Saved data entries
────────────────────────────────────────
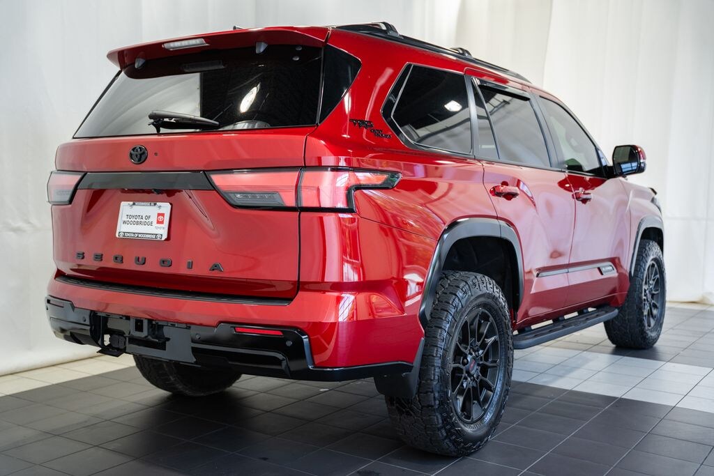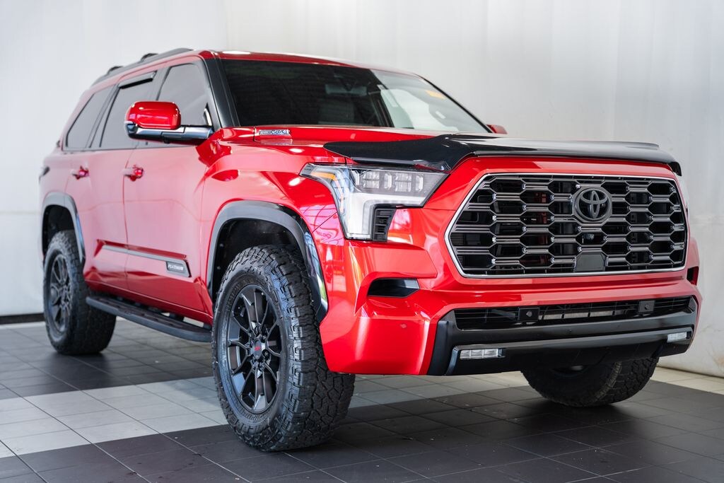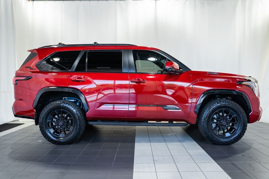 Prices on vehicles include freight and destination charges (applies to new vehicles only) , as well as a $999 Dealer Processing Fee. PANORAMIC ROOF / DUAL SUNROOFS / TWIN PANEL MOONROOF, POWER MOONROOF / SUNROOF / POWER TILT SLIDING ROOF, VOICE ACTIVATED NAVIGATION, NAVIGATION / GPS / NAV, DYNAMIC RADAR CRUISE CONTROL / ADAPTIVE CRUISE CONTROL / SMART CRUISE CONTROL, LANE DEPARTURE WARNING, LANE DEPARTURE ALERT / LANE KEEPING ALERT, LANE DEPARTURE w/ STEERING ASSIST, LANE DEPARTURE WARNING, REARVIEW CAMERA / BACK UP CAMERA / REVERSE CAMERA, REAR VIEW CAMERA W/DYNAMIC GUIDELINES, ANDROID AUTO & APPLE CARPLAY, LEATHER SEATS, HEATED & COOLED FRONT ROW SEATS, HEATED FRONT ROW SEATS, HEATED SECOND ROW SEATS, POWER WINDOWS & LOCKS, FOUR WHEEL DRIVE / 4WD / 4X4, STEERING WHEEL AUDIO CONTROLS, CRUISE CONTROL, REAR CROSS TRAFFIC ALERT, PUSH-BUTTON START, PREMIUM AUDIO SOUND SYSTEM, POWER SLIDING REAR WINDOW, BLUETOOTH AUDIO STREAMING, BLUETOOTH & BLUETOOTH STREAMING, BLUETOOTH HANDS-FREE PHONE SYSTEM, ONE OWNER, HEATED STEERING WHEEL, DUAL ZONE A/C CONTROLS, BLUETOOTH, AUTOMATIC HIGH BEAMS, AUTO HIGH BEAMS, 3RD ROW SEATING, TOYOTA SAFETY SENSE, ROAD SIGN ASSIST, WIRELESS ANDROID AUTO, WIRELESS APPLE CAR PLAY, 14 Speakers, 3.31 Axle Ratio, 3rd row seats: split-bench, 4-Wheel Disc Brakes, ABS brakes, Air Conditioning, All-Weather Liners/Cargo Mat (TMS), Alloy wheels, AM/FM radio: SiriusXM, Apple CarPlay/Android Auto, Auto High-beam Headlights, Automatic temperature control, Brake assist, Bumpers: body-color, Cast Aluminum Step & Step Cover, Compass, Delay-off headlights, Electronic Stability Control, Exterior Parking Camera Rear, Front Bucket Seats, Front Center Armrest w/Storage, Front dual zone A/C, Front fog lights, Front reading lights, Fully automatic headlights, Head Up Display (HUD), Headlight cleaning, Heated & Ventilated Front Seats, Heated front seats, Heated rear seats, Heated steering wheel, Illuminated entry, Leather Seat Trim, Leather steering wheel, Low tire pressure warning, Multi-Terrain Back Monitor, Navigation System, Navigation system: Drive Connect (1 year trial) includes Cloud Navigation with real time traffic and Google POI, Panic alarm, Passenger door bin, Power door mirrors, Power driver seat, Power Liftgate, Power moonroof, Power passenger seat, Power steering, Power windows, Premium audio system: JBL, Radio: JBL Premium Audio System, Rain sensing wipers, Rear air conditioning, Rear reading lights, Rear seat center armrest, Rear window defroster, Rear window wiper, Reclining 3rd row seat, Remote keyless entry, Roof Cross Bars (TMS), Security system, Speed control, Speed-sensing steering, Split folding rear seat, Spoiler, Steering wheel mounted audio controls, Tilt steering wheel, Traction control, TRD Front Skid Plate, TRD Off-Road Package, Trip computer, Turn signal indicator mirrors, Under Cover & Protector, Variably intermittent wipers, Ventilated front seats, Ventilated rear seats, Voltmeter, Wheels: 20" Black TRD Alloy. 2024 Toyota Sequoia Platinum 4WD Supersonic Red V6 Hybrid
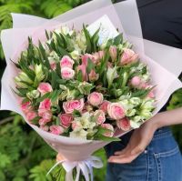 5 цветков в букете являются красноречивым признанием в любви. Лучшим выбором станет пять розовых тюльпанов или роз.
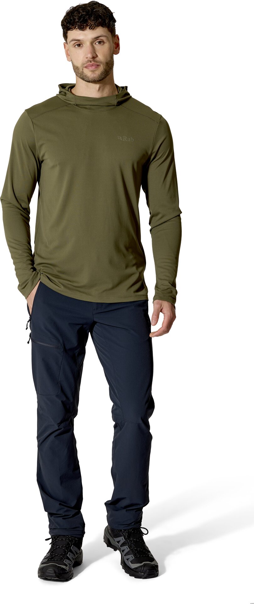 Męska bluza z kapturem Rab Force Hoody to niezwykle elastyczna, przeciwsłoneczna bluza z kapturem, zaprojektowana tak, aby idealnie sprawdzała się zarówno w chłodne wiosenne poranki, jak i w letnie upały. Wykonana z oddychającego materiału Dryflo Solar, oferuje doskonałą ochronę przed promieniowaniem UV, dzięki czemu idealnie nadaje się na wyprawy na świeżym powietrzu. Materiał odprowadza wilgoć i zapewnia komfort, a jego regularny krój pozwala na założenie jej na koszulkę w chłodniejsze dni. Dodatkowo, bluza posiada powłokę antyzapachową, która zapewnia świeżość przez wiele dni, co czyni ją idealną na długie wędrówki i wypady z noclegiem.
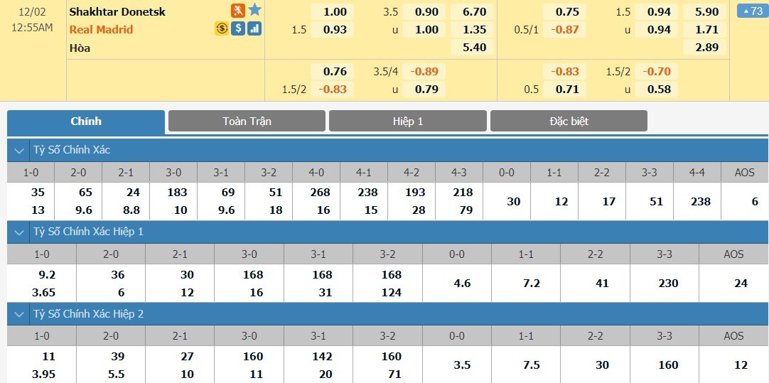 Xem tỷ lệ kèo cá cược bóng đá trực tuyến Shakhtar Donetsk vs Real Madrid
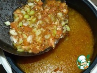 На плите разогреваем сковородку, добавляем немного (примерно 1 ст. ложку) растительного масла и выкладываем сельдерей, помидор, чеснок, добавляем специи и соль. Помешивая, быстро обжариваем, примерно минут 5-7. |
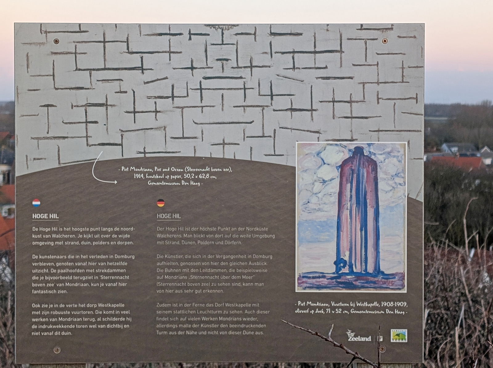 Oben auf dem Hoge Hill wird auch auf ein bestimmtes Werk von Mondrian hingewiesen: Als er 1908 für zwei Wochen in Domburg war, konzentrierte er sich u.a. auf das Malen des Leuchtturms von Westkapelle.
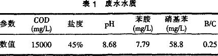 試驗(yàn)用橡膠促進(jìn)劑生產(chǎn)廢水取自青島某橡膠助劑廠廢水池,其水質(zhì)見(jiàn)表1
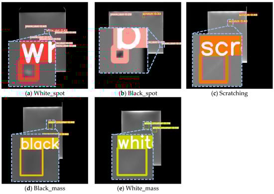 Figure 11 shows a partial enlargement of the detection results for various defects in the backlight panel, including White_spot, Black_spot, Scratching, Black_mass, and White_mass. The proposed algorithm effectively detects these defects with minimal misdetections and omissions.
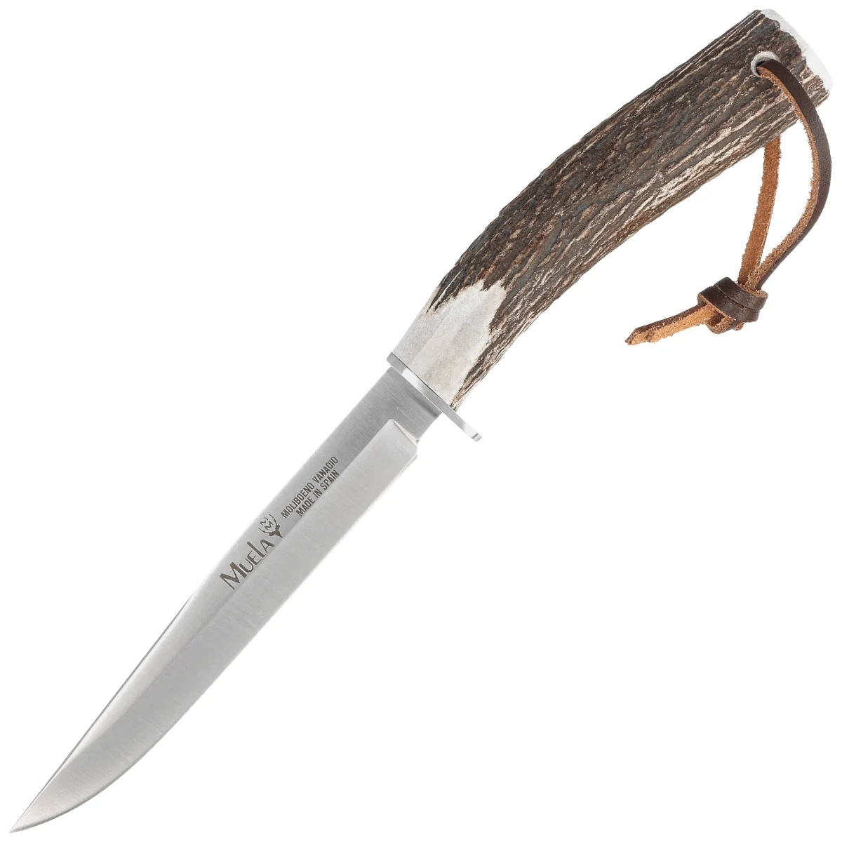 - Gredos 14 is a hunting knife. The blade was covered non-reflective (Satin Finish) coat. Handles cladding from deer antler. Double-sided steel. Leather case sewn on the edges with decorative thread with embossed logo Spanish Muela Company.
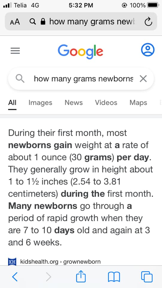 - Between Thursday and Friday Eloise gained 100g. Between Friday and today she gained 44g and has now officially surpassed her birth weight. I had no idea if these numbers were good or not but Dr. Google seems to think so.
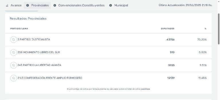 Según los datos preliminares del escrutinio provisorio, el Partido Justicialista (PJ) obtuvo una amplia mayoría en la categoría de diputados provinciales, con 43.756 votos, lo que representa el 70,20% del total.
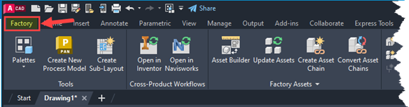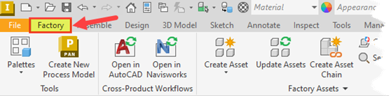 安装FDU并打开Inventor或AutoCAD软件后,您将有一个名为Factory的新色带进行工作。发明者工厂缎带看起来是这样的:
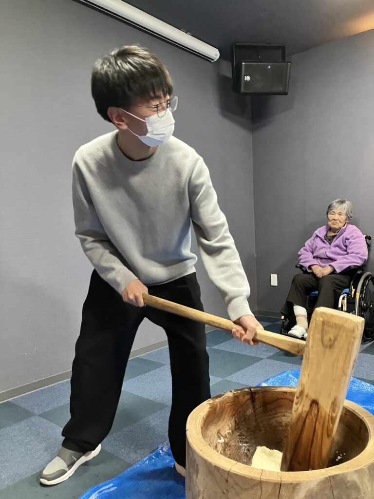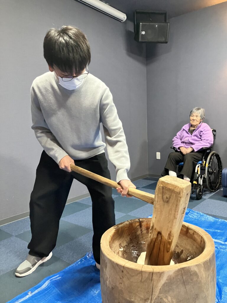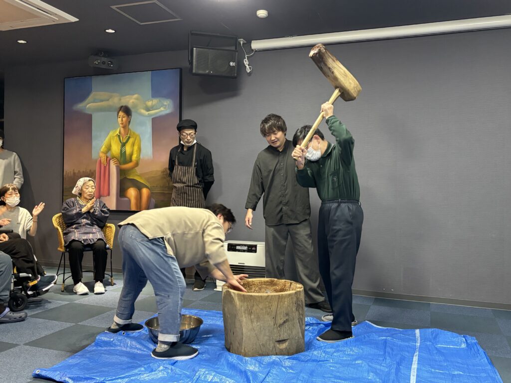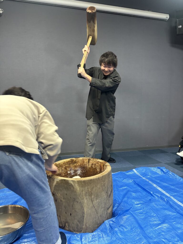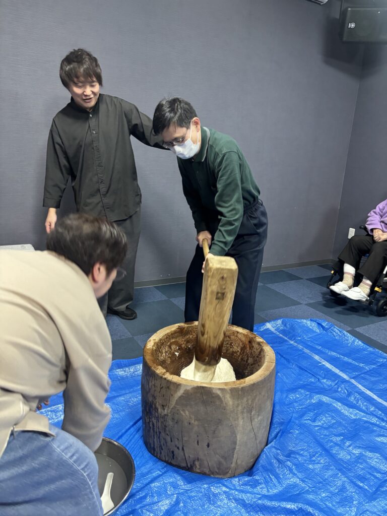 まずはみんなで杵(きね)と臼(うす)を囲んで、掛け声に合わせて「よいしょ!よいしょ!」とお餅つき🎶🎶
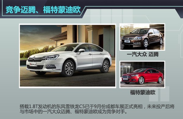 东风雪铁龙为C5换搭1.8T涡轮增压引擎后,其动力将更为强劲。新C5上市后将与同级别市场中的迈腾和蒙迪欧进行竞争。目前,现款搭载2.3L发动机的雪铁龙C5动力上已显疲态,影响了竞争力,随着东风雪铁龙为C5换搭1.8T涡轮增压引擎,这种局面将有所改变。
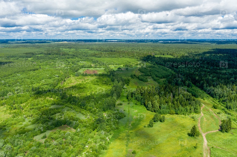 Вид с воздуха на проселочную дорогу через поля и леса
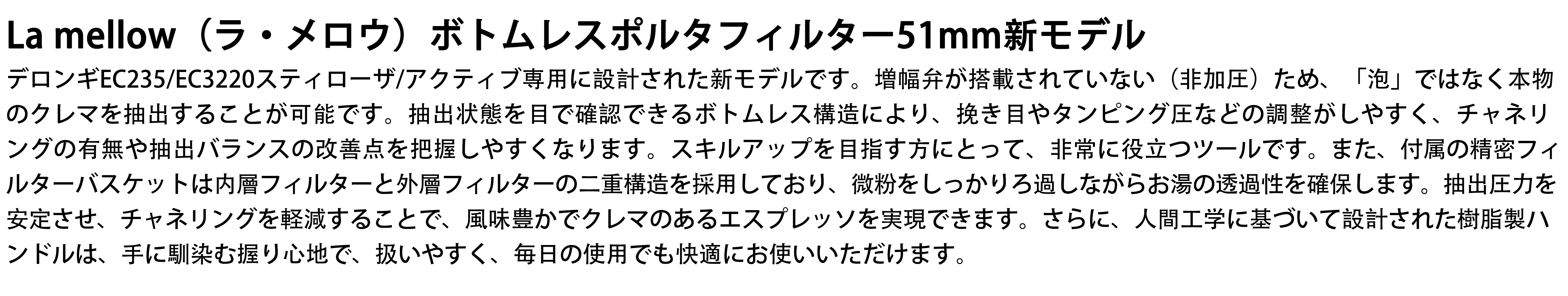 La mellow(ラ・メロウ) デロンギ用ポルタフィルター51mm ボトムレス EC235/ECP3220用 精密フィルターバスケット 非加圧 スティローザ/アクティブ エスプレッソ
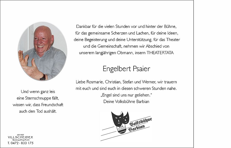 Viel zu früh hast du nun die Lebensbühne verlassen und hinterlässt eine große Lücke in der Dorfgemeinschaft. Barbian trägt Trauer.
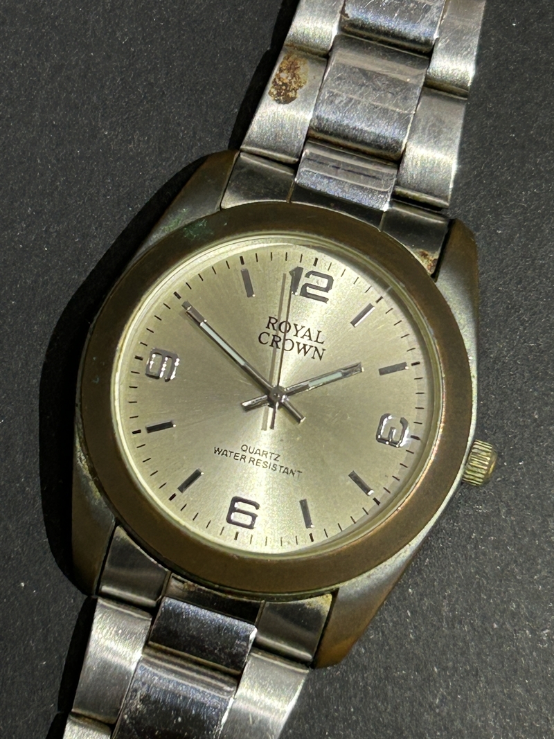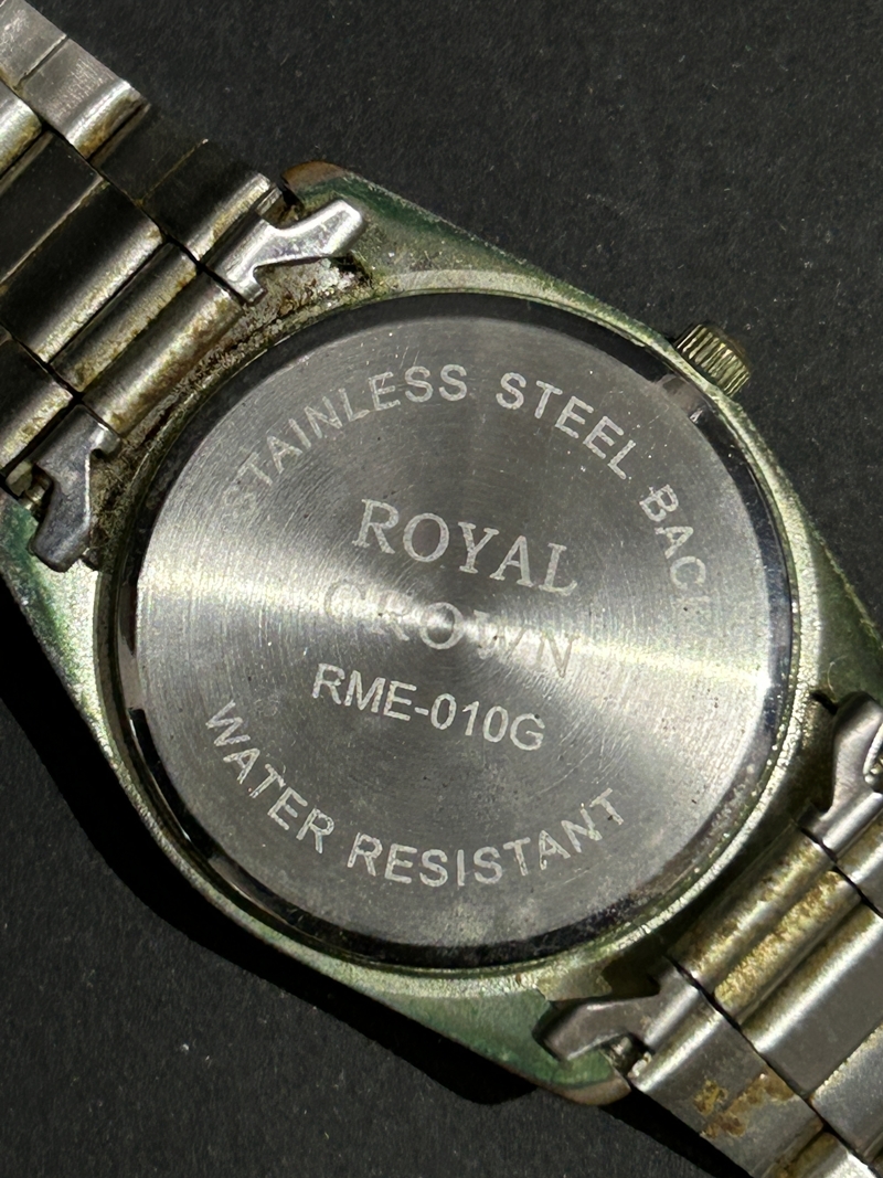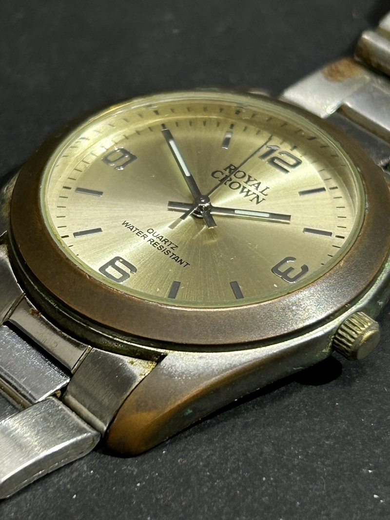 | 【お盆休み期間の発送のご案内】 勝手ながら8/10~8/15まで休みとなります。 発送は18日より順次発送致します。 大変込み合うことが予想されますのでご理解のほどお願い申し上げます。 ご入金確認は8/8午前中までとさせて頂きます。 その後のご入金商品は休み明けの発送となりますので宜しくお願い致します。 ロイヤル クラウン メンズ 腕時計の出品です。 動作はしていませんのでジャンク品としての出品です。 経年による傷やスレ、汚れ、変色などがあります。 ベルトが破損していますのでご理解のご検討ください。 状態など写真でご確認の上、ご検討ください。 基本的には used品の出品になります。 本文の記載事項があっても 現物優先とさせていただきます。 予めご了承下さいませ。 動作確認済みの物でも、時間の経過後の動作の保証はできません。 その他不明な点がございましたら、当方がわかる範囲にてお答えします。 | |||
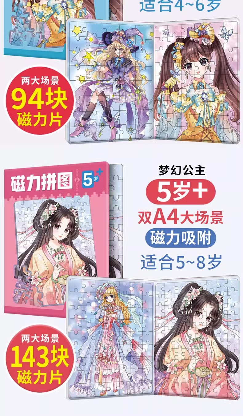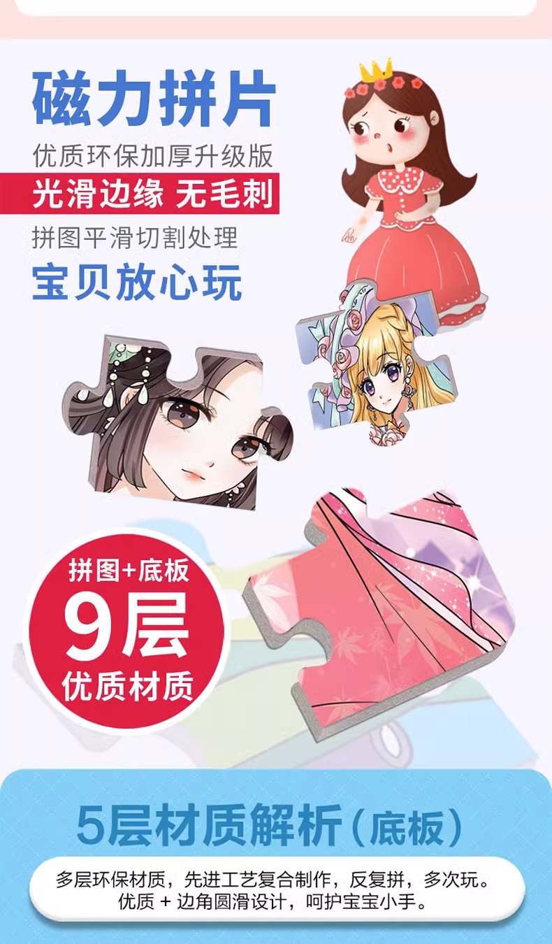 마그네틱 퍼즐 3 ~ 6 세 어린이 교육 소녀 유아 골동품 공주 퍼즐 마그네틱 크리에이티브 조립 장난감스토어 가기
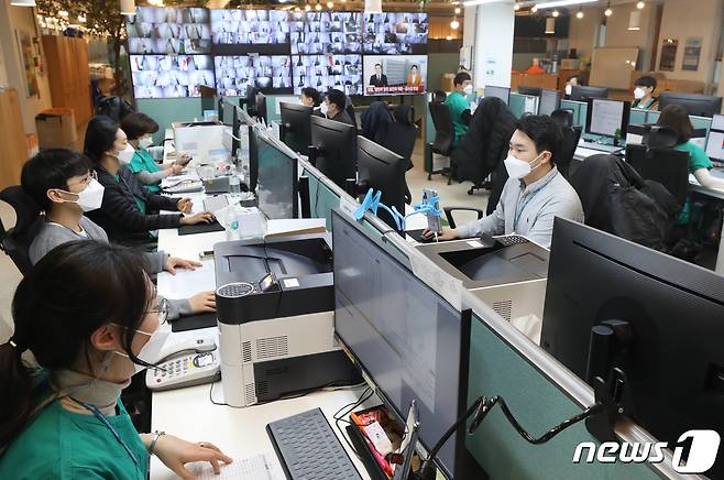 (서울=뉴스1) 송원영 기자 = 13일 오전 서울 동대문구 서울시립대학교 기숙사에 마련된 신종 코로나바이러스 감염증(코로나19) 수도권 생활치료센터에서 서울아산병원 의료진들이 분주히 근무하고 있다. 이곳은 코로나19 무증상 및 경증 환자를 위한 곳으로, 지난해 12월31일 부터 본격적인 업무를 시작했다. 2021.1.13/뉴스1
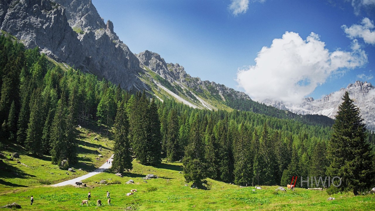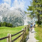Dort wechseln wir auf den Radweg in Richtung Sexten, dem wir – teils auf Schotter, teils asphaltiert - bis zur Talstation des Rotwandwiesenliftes in Sexten/Moos folgen.
────────────────────────────────────────
What to produce
What is needed is an exact restatement of every line from the line containing "Según los datos" through the last line of the records, minus any pictures.

Result of this task
 Según los datos preliminares del escrutinio provisorio, el Partido Justicialista (PJ) obtuvo una amplia mayoría en la categoría de diputados provinciales, con 43.756 votos, lo que representa el 70,20% del total.
 安装FDU并打开Inventor或AutoCAD软件后,您将有一个名为Factory的新色带进行工作。发明者工厂缎带看起来是这样的:
 まずはみんなで杵(きね)と臼(うす)を囲んで、掛け声に合わせて「よいしょ!よいしょ!」とお餅つき🎶🎶
 东风雪铁龙为C5换搭1.8T涡轮增压引擎后,其动力将更为强劲。新C5上市后将与同级别市场中的迈腾和蒙迪欧进行竞争。目前,现款搭载2.3L发动机的雪铁龙C5动力上已显疲态,影响了竞争力,随着东风雪铁龙为C5换搭1.8T涡轮增压引擎,这种局面将有所改变。
 Вид с воздуха на проселочную дорогу через поля и леса
 La mellow(ラ・メロウ) デロンギ用ポルタフィルター51mm ボトムレス EC235/ECP3220用 精密フィルターバスケット 非加圧 スティローザ/アクティブ エスプレッソ
 Viel zu früh hast du nun die Lebensbühne verlassen und hinterlässt eine große Lücke in der Dorfgemeinschaft. Barbian trägt Trauer.
 | 【お盆休み期間の発送のご案内】 勝手ながら8/10~8/15まで休みとなります。 発送は18日より順次発送致します。 大変込み合うことが予想されますのでご理解のほどお願い申し上げます。 ご入金確認は8/8午前中までとさせて頂きます。 その後のご入金商品は休み明けの発送となりますので宜しくお願い致します。 ロイヤル クラウン メンズ 腕時計の出品です。 動作はしていませんのでジャンク品としての出品です。 経年による傷やスレ、汚れ、変色などがあります。 ベルトが破損していますのでご理解のご検討ください。 状態など写真でご確認の上、ご検討ください。 基本的には used品の出品になります。 本文の記載事項があっても 現物優先とさせていただきます。 予めご了承下さいませ。 動作確認済みの物でも、時間の経過後の動作の保証はできません。 その他不明な点がございましたら、当方がわかる範囲にてお答えします。 | |||
 마그네틱 퍼즐 3 ~ 6 세 어린이 교육 소녀 유아 골동품 공주 퍼즐 마그네틱 크리에이티브 조립 장난감스토어 가기
 (서울=뉴스1) 송원영 기자 = 13일 오전 서울 동대문구 서울시립대학교 기숙사에 마련된 신종 코로나바이러스 감염증(코로나19) 수도권 생활치료센터에서 서울아산병원 의료진들이 분주히 근무하고 있다. 이곳은 코로나19 무증상 및 경증 환자를 위한 곳으로, 지난해 12월31일 부터 본격적인 업무를 시작했다. 2021.1.13/뉴스1
Dort wechseln wir auf den Radweg in Richtung Sexten, dem wir – teils auf Schotter, teils asphaltiert - bis zur Talstation des Rotwandwiesenliftes in Sexten/Moos folgen.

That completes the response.